Both protesters and homeless advocates have made numerous references on social media websites to housing "takeovers" in Sulphur Springs, where they enter foreclosed bank-owned homes and take up residence. 

Bruce Wright, organizer of the homeless "Romneyville" camp and no stranger to the 10 News Investigators, was contacted Thursday in Charlotte, where he is protesting the DNC.  Wright said he knew nothing about housing takeovers.

However, he posted on his "Poor People's Economic Human Rights Campaign" website that "Our plan is to either get another private property for encampment or look at housing takeovers."

He also made several other posts that references takeovers.

The remaining residents at Romneyville indicated the same thing, saying the group was investigating the takeover of abandoned properties.

Wright has recently been associated with leaders of the Apostolic Catholic Church, which posted details about housing takeovers on its Facebook page:

The leaders who took possession are relying on an 1869 Florida statute which allows for adverse possession of abandoned property if the titled owner does not contest an open, adverse, and continuous claim by someone else for seven years. The law was originally passed to keep freed slaves from being put out on the streets.
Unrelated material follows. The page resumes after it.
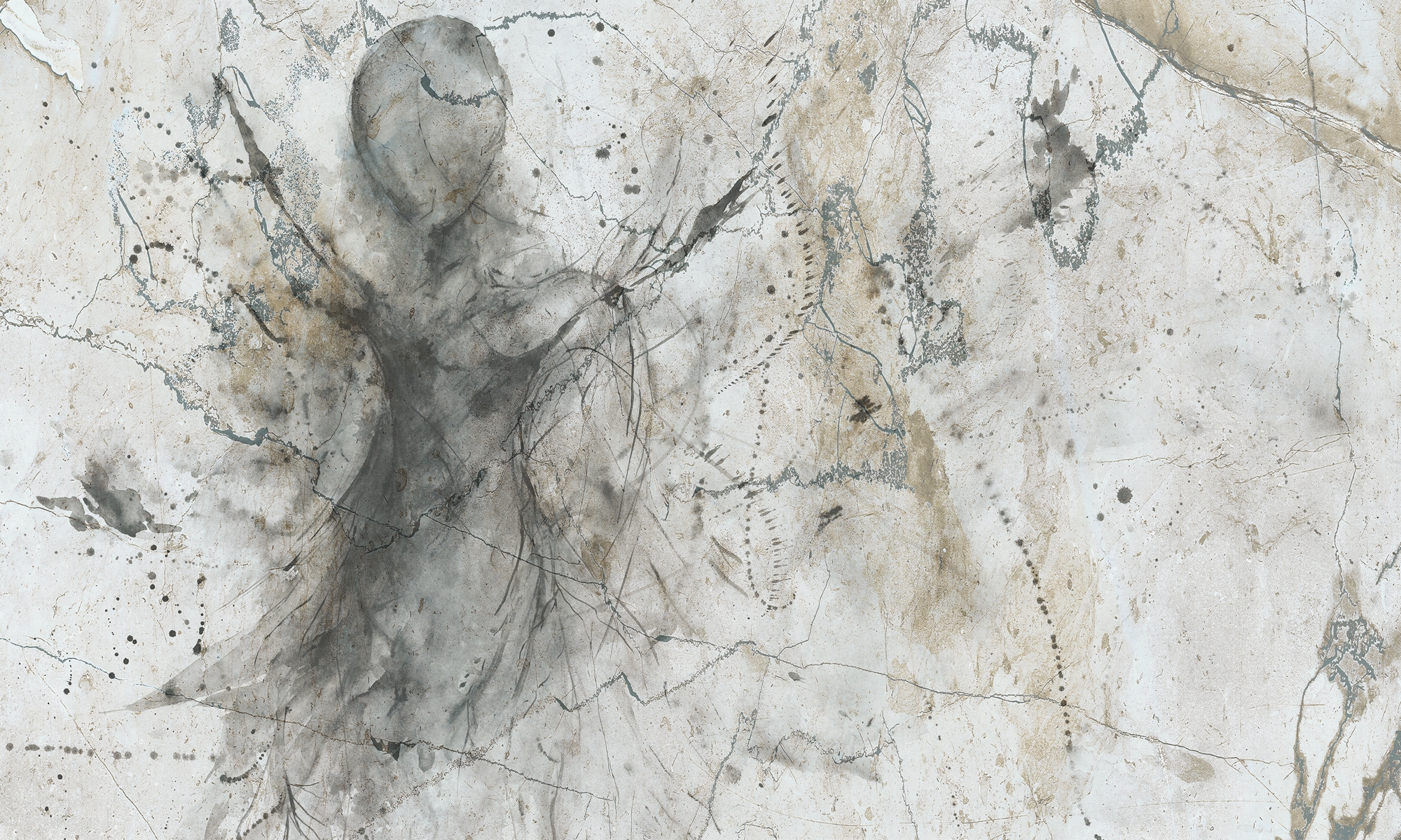 Połączenie surowej struktury i malarskiej lekkości. Ciepłe beże i zgaszone szarości budują spokojny, refleksyjny klimat.

It was not a much different situation then exists today in the inner city.

But attorneys who spoke to 10 News say the group is misunderstanding adverse possession laws and what may be considered "abandoned" property by neighbors is probably not considered "abandoned" in the eyes of the law.

"(If) you don't mow the grass, you don't (ever) come home, and you don't pay the taxes," said Will Shepherd, general counsel for the Hillsborough Property Appraiser's Office, "it doesn't mean it's not (still) your property!" 
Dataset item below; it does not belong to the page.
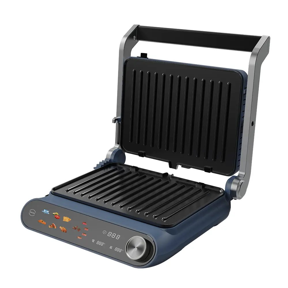 Sandwich Maker 2 in 1 HAUSBERG HB-635, Putere 2200 W, Placi pentru sanwich si grill, Acoperite cu strat anti-aderent, Ecran tactil digital, 7 programe diferite de gatit, Culoare Albastru/Gri
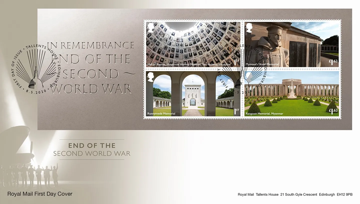 | Stamp Details: | 1st Class Yad Vashem, Jerusalem 1st Class Runnymede Memorial Egham £1.55 Plymouth Naval Memorial £1.55 Rangoon Memorial, Myanmar |

Shepherd said adverse possession takeovers are extremely rare and take seven or more years to complete, not several weeks.  Short of the proper legal process, those who "take over" a home are just trespassing.

The State Attorney's office hasn't gotten any calls on squatting recently, but in the last year, they've send several people to jail for similar crimes related to breaking into foreclosed homes and squatting.